══ Task material ══
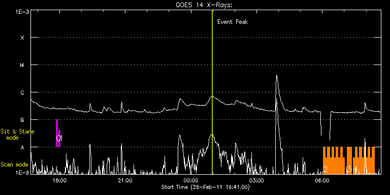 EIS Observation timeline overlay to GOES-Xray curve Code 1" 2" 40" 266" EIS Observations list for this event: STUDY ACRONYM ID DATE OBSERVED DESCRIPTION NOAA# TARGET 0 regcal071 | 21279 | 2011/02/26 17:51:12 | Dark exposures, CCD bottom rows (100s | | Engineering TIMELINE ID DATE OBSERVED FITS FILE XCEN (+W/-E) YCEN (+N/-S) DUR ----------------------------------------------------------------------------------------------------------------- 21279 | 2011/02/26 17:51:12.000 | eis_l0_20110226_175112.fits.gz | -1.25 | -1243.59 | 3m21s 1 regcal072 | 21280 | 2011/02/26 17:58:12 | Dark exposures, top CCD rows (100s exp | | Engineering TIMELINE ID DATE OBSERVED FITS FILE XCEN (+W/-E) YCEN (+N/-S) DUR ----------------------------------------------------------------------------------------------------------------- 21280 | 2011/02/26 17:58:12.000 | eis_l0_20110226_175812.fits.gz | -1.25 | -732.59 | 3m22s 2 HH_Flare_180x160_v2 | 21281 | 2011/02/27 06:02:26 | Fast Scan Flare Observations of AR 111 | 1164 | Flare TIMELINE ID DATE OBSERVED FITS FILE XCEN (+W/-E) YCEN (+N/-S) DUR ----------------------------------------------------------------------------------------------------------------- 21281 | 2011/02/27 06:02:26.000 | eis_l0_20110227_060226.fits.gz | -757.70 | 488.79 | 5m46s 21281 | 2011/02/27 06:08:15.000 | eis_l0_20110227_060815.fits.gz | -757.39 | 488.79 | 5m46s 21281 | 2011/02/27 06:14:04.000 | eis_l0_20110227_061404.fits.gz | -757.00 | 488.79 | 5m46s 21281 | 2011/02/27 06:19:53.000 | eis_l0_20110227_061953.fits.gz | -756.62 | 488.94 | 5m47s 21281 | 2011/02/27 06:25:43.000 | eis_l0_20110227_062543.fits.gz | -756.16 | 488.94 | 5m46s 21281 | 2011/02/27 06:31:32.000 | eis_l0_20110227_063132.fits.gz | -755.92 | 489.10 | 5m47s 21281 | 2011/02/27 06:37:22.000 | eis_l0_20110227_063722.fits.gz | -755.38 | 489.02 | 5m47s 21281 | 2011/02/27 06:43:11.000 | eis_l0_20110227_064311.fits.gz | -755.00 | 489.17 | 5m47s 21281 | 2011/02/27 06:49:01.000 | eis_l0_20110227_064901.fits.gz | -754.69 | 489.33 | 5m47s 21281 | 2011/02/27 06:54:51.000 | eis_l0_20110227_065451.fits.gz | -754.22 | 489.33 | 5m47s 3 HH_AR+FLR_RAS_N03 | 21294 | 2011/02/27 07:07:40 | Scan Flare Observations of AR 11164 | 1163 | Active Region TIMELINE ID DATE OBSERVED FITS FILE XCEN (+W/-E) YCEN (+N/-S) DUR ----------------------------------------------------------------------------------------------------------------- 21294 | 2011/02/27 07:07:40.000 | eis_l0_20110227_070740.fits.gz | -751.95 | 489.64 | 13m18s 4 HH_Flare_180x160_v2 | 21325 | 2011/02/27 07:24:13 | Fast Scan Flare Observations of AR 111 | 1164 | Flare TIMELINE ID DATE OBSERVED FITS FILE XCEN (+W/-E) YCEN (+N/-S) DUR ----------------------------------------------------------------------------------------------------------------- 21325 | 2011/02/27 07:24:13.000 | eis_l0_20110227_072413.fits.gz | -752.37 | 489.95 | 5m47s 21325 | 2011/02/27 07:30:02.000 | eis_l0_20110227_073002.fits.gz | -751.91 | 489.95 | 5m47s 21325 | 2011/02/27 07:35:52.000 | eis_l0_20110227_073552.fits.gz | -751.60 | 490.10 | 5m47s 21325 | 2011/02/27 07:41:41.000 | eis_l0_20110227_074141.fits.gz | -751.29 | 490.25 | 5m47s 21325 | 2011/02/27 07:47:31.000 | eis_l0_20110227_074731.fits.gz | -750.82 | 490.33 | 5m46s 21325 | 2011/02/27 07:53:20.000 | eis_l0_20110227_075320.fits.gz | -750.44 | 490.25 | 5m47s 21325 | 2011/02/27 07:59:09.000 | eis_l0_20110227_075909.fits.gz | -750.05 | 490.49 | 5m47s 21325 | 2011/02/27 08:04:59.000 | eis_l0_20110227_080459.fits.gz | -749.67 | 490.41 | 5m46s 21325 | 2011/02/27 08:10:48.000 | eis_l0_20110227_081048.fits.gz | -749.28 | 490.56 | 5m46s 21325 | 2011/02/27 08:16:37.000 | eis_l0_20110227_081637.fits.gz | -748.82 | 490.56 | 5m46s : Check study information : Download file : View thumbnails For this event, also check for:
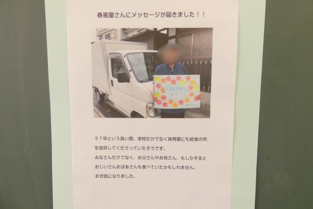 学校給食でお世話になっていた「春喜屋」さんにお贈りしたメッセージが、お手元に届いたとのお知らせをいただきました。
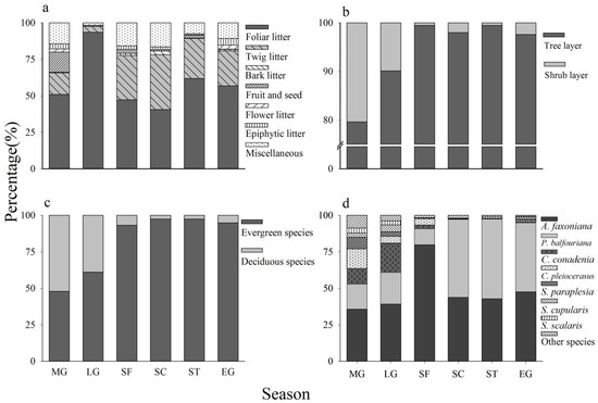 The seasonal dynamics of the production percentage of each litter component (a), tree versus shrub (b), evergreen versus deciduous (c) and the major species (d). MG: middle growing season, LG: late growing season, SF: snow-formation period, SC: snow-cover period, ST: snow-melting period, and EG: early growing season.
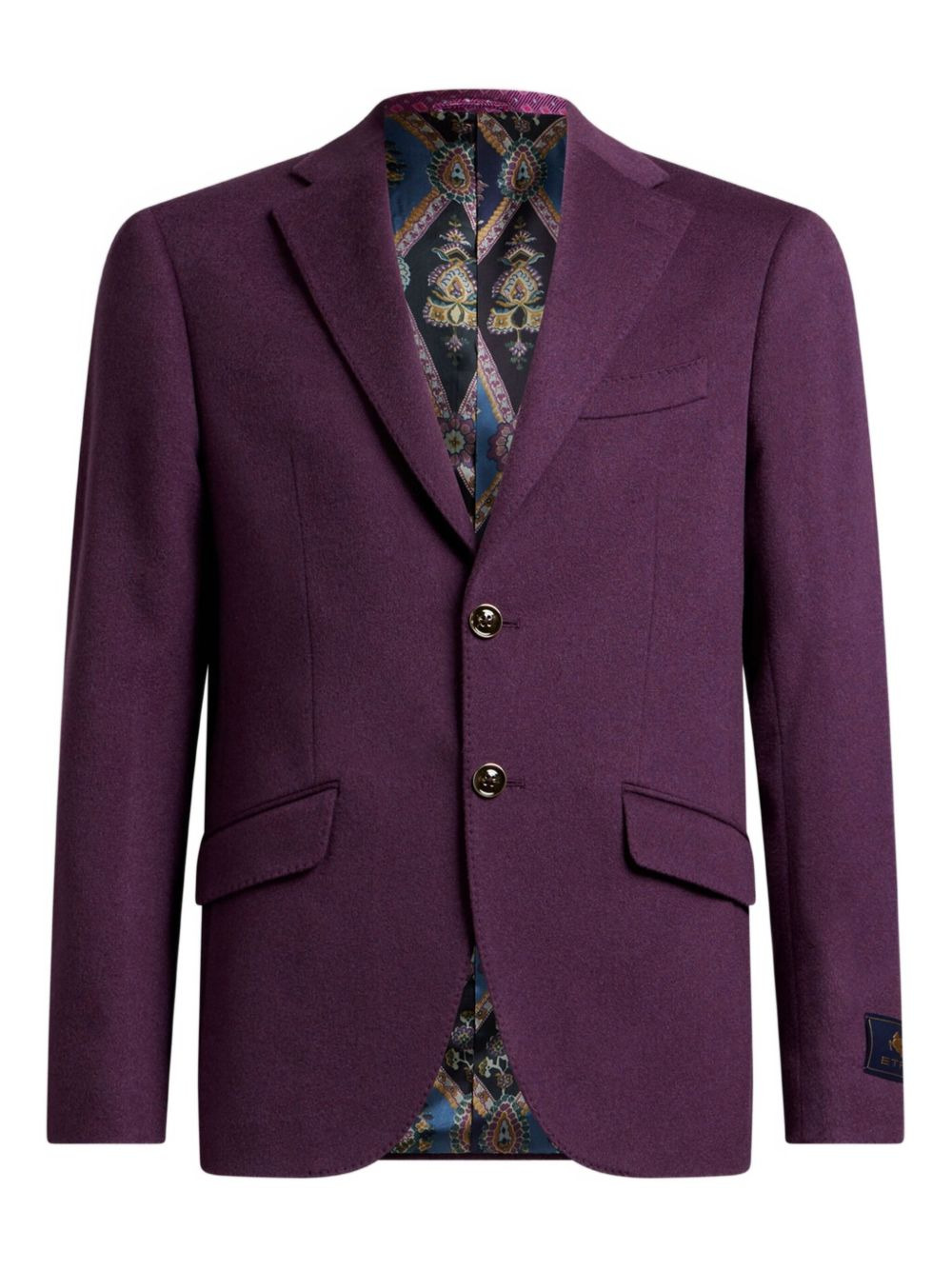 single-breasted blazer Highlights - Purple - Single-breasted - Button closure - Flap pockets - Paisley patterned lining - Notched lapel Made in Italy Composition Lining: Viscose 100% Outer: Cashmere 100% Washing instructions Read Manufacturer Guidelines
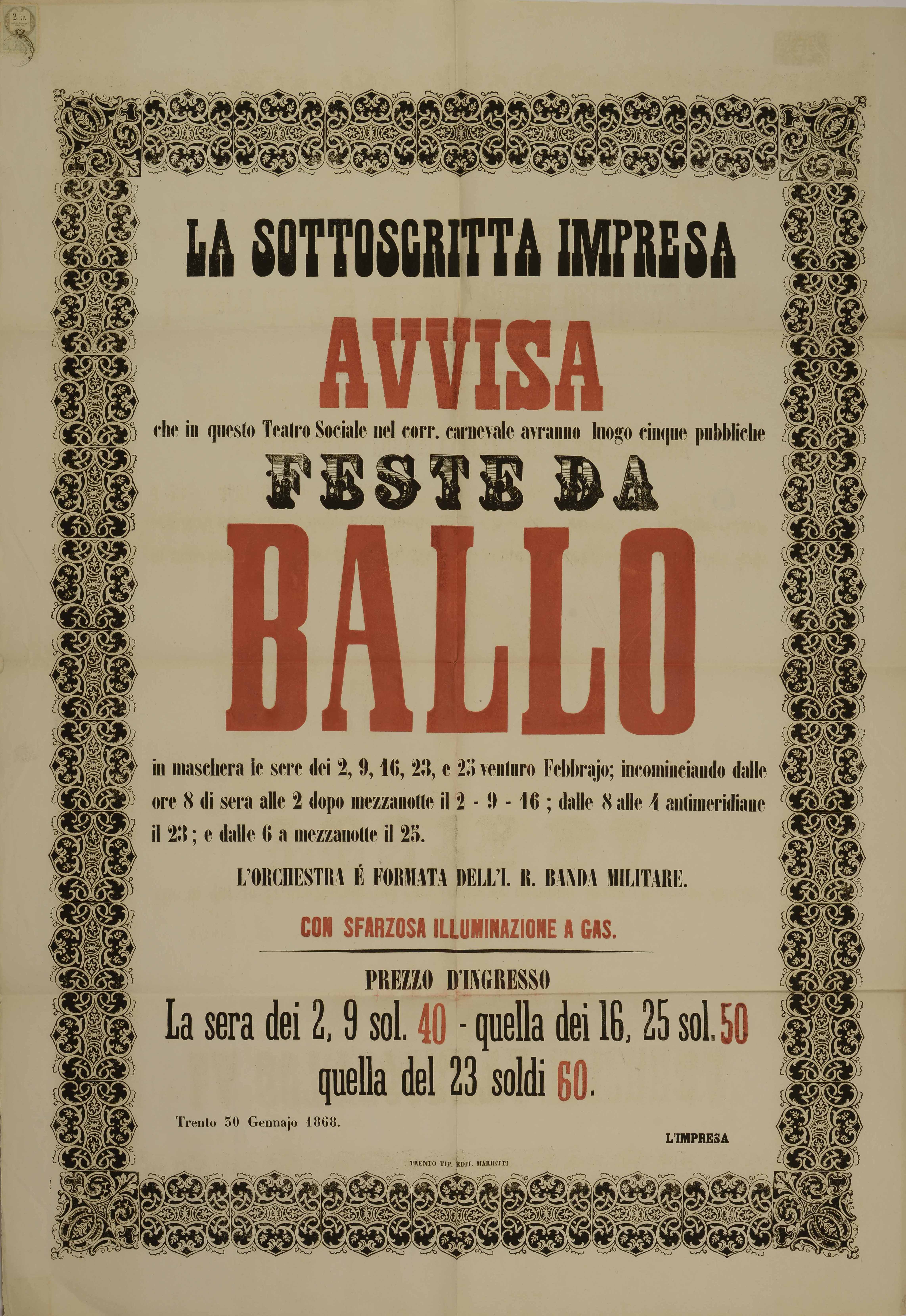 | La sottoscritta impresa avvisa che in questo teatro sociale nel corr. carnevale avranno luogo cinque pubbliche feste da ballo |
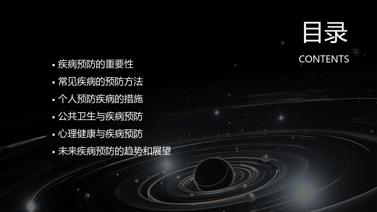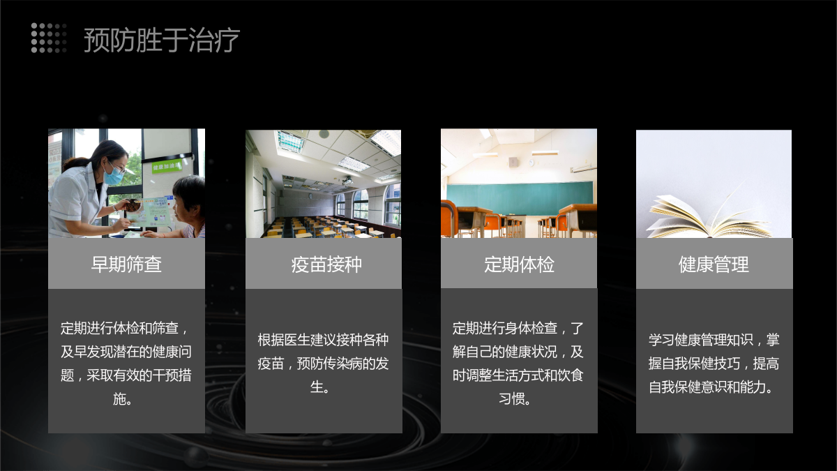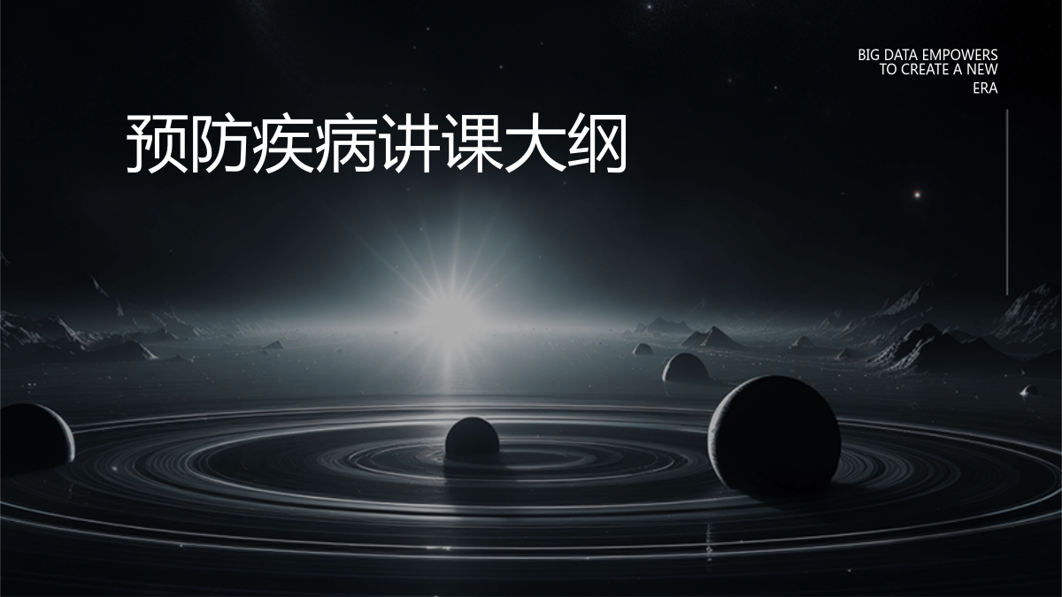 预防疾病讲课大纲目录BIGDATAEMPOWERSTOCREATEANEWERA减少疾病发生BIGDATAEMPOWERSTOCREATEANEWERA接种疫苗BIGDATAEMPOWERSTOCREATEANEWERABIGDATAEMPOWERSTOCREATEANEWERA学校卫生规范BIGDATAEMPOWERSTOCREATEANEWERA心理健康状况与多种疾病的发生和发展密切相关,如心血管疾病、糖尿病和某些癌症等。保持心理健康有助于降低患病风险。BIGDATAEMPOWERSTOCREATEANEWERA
═══
**Work required:**
Your response must consist of the material above, reproduced word for word, with the images omitted.

**Reply to the exercise:**
 EIS Observation timeline overlay to GOES-Xray curve Code 1" 2" 40" 266" EIS Observations list for this event: STUDY ACRONYM ID DATE OBSERVED DESCRIPTION NOAA# TARGET 0 regcal071 | 21279 | 2011/02/26 17:51:12 | Dark exposures, CCD bottom rows (100s | | Engineering TIMELINE ID DATE OBSERVED FITS FILE XCEN (+W/-E) YCEN (+N/-S) DUR ----------------------------------------------------------------------------------------------------------------- 21279 | 2011/02/26 17:51:12.000 | eis_l0_20110226_175112.fits.gz | -1.25 | -1243.59 | 3m21s 1 regcal072 | 21280 | 2011/02/26 17:58:12 | Dark exposures, top CCD rows (100s exp | | Engineering TIMELINE ID DATE OBSERVED FITS FILE XCEN (+W/-E) YCEN (+N/-S) DUR ----------------------------------------------------------------------------------------------------------------- 21280 | 2011/02/26 17:58:12.000 | eis_l0_20110226_175812.fits.gz | -1.25 | -732.59 | 3m22s 2 HH_Flare_180x160_v2 | 21281 | 2011/02/27 06:02:26 | Fast Scan Flare Observations of AR 111 | 1164 | Flare TIMELINE ID DATE OBSERVED FITS FILE XCEN (+W/-E) YCEN (+N/-S) DUR ----------------------------------------------------------------------------------------------------------------- 21281 | 2011/02/27 06:02:26.000 | eis_l0_20110227_060226.fits.gz | -757.70 | 488.79 | 5m46s 21281 | 2011/02/27 06:08:15.000 | eis_l0_20110227_060815.fits.gz | -757.39 | 488.79 | 5m46s 21281 | 2011/02/27 06:14:04.000 | eis_l0_20110227_061404.fits.gz | -757.00 | 488.79 | 5m46s 21281 | 2011/02/27 06:19:53.000 | eis_l0_20110227_061953.fits.gz | -756.62 | 488.94 | 5m47s 21281 | 2011/02/27 06:25:43.000 | eis_l0_20110227_062543.fits.gz | -756.16 | 488.94 | 5m46s 21281 | 2011/02/27 06:31:32.000 | eis_l0_20110227_063132.fits.gz | -755.92 | 489.10 | 5m47s 21281 | 2011/02/27 06:37:22.000 | eis_l0_20110227_063722.fits.gz | -755.38 | 489.02 | 5m47s 21281 | 2011/02/27 06:43:11.000 | eis_l0_20110227_064311.fits.gz | -755.00 | 489.17 | 5m47s 21281 | 2011/02/27 06:49:01.000 | eis_l0_20110227_064901.fits.gz | -754.69 | 489.33 | 5m47s 21281 | 2011/02/27 06:54:51.000 | eis_l0_20110227_065451.fits.gz | -754.22 | 489.33 | 5m47s 3 HH_AR+FLR_RAS_N03 | 21294 | 2011/02/27 07:07:40 | Scan Flare Observations of AR 11164 | 1163 | Active Region TIMELINE ID DATE OBSERVED FITS FILE XCEN (+W/-E) YCEN (+N/-S) DUR ----------------------------------------------------------------------------------------------------------------- 21294 | 2011/02/27 07:07:40.000 | eis_l0_20110227_070740.fits.gz | -751.95 | 489.64 | 13m18s 4 HH_Flare_180x160_v2 | 21325 | 2011/02/27 07:24:13 | Fast Scan Flare Observations of AR 111 | 1164 | Flare TIMELINE ID DATE OBSERVED FITS FILE XCEN (+W/-E) YCEN (+N/-S) DUR ----------------------------------------------------------------------------------------------------------------- 21325 | 2011/02/27 07:24:13.000 | eis_l0_20110227_072413.fits.gz | -752.37 | 489.95 | 5m47s 21325 | 2011/02/27 07:30:02.000 | eis_l0_20110227_073002.fits.gz | -751.91 | 489.95 | 5m47s 21325 | 2011/02/27 07:35:52.000 | eis_l0_20110227_073552.fits.gz | -751.60 | 490.10 | 5m47s 21325 | 2011/02/27 07:41:41.000 | eis_l0_20110227_074141.fits.gz | -751.29 | 490.25 | 5m47s 21325 | 2011/02/27 07:47:31.000 | eis_l0_20110227_074731.fits.gz | -750.82 | 490.33 | 5m46s 21325 | 2011/02/27 07:53:20.000 | eis_l0_20110227_075320.fits.gz | -750.44 | 490.25 | 5m47s 21325 | 2011/02/27 07:59:09.000 | eis_l0_20110227_075909.fits.gz | -750.05 | 490.49 | 5m47s 21325 | 2011/02/27 08:04:59.000 | eis_l0_20110227_080459.fits.gz | -749.67 | 490.41 | 5m46s 21325 | 2011/02/27 08:10:48.000 | eis_l0_20110227_081048.fits.gz | -749.28 | 490.56 | 5m46s 21325 | 2011/02/27 08:16:37.000 | eis_l0_20110227_081637.fits.gz | -748.82 | 490.56 | 5m46s : Check study information : Download file : View thumbnails For this event, also check for:
 学校給食でお世話になっていた「春喜屋」さんにお贈りしたメッセージが、お手元に届いたとのお知らせをいただきました。
 The seasonal dynamics of the production percentage of each litter component (a), tree versus shrub (b), evergreen versus deciduous (c) and the major species (d). MG: middle growing season, LG: late growing season, SF: snow-formation period, SC: snow-cover period, ST: snow-melting period, and EG: early growing season.
 single-breasted blazer Highlights - Purple - Single-breasted - Button closure - Flap pockets - Paisley patterned lining - Notched lapel Made in Italy Composition Lining: Viscose 100% Outer: Cashmere 100% Washing instructions Read Manufacturer Guidelines
 | La sottoscritta impresa avvisa che in questo teatro sociale nel corr. carnevale avranno luogo cinque pubbliche feste da ballo |
 预防疾病讲课大纲目录BIGDATAEMPOWERSTOCREATEANEWERA减少疾病发生BIGDATAEMPOWERSTOCREATEANEWERA接种疫苗BIGDATAEMPOWERSTOCREATEANEWERABIGDATAEMPOWERSTOCREATEANEWERA学校卫生规范BIGDATAEMPOWERSTOCREATEANEWERA心理健康状况与多种疾病的发生和发展密切相关,如心血管疾病、糖尿病和某些癌症等。保持心理健康有助于降低患病风险。BIGDATAEMPOWERSTOCREATEANEWERA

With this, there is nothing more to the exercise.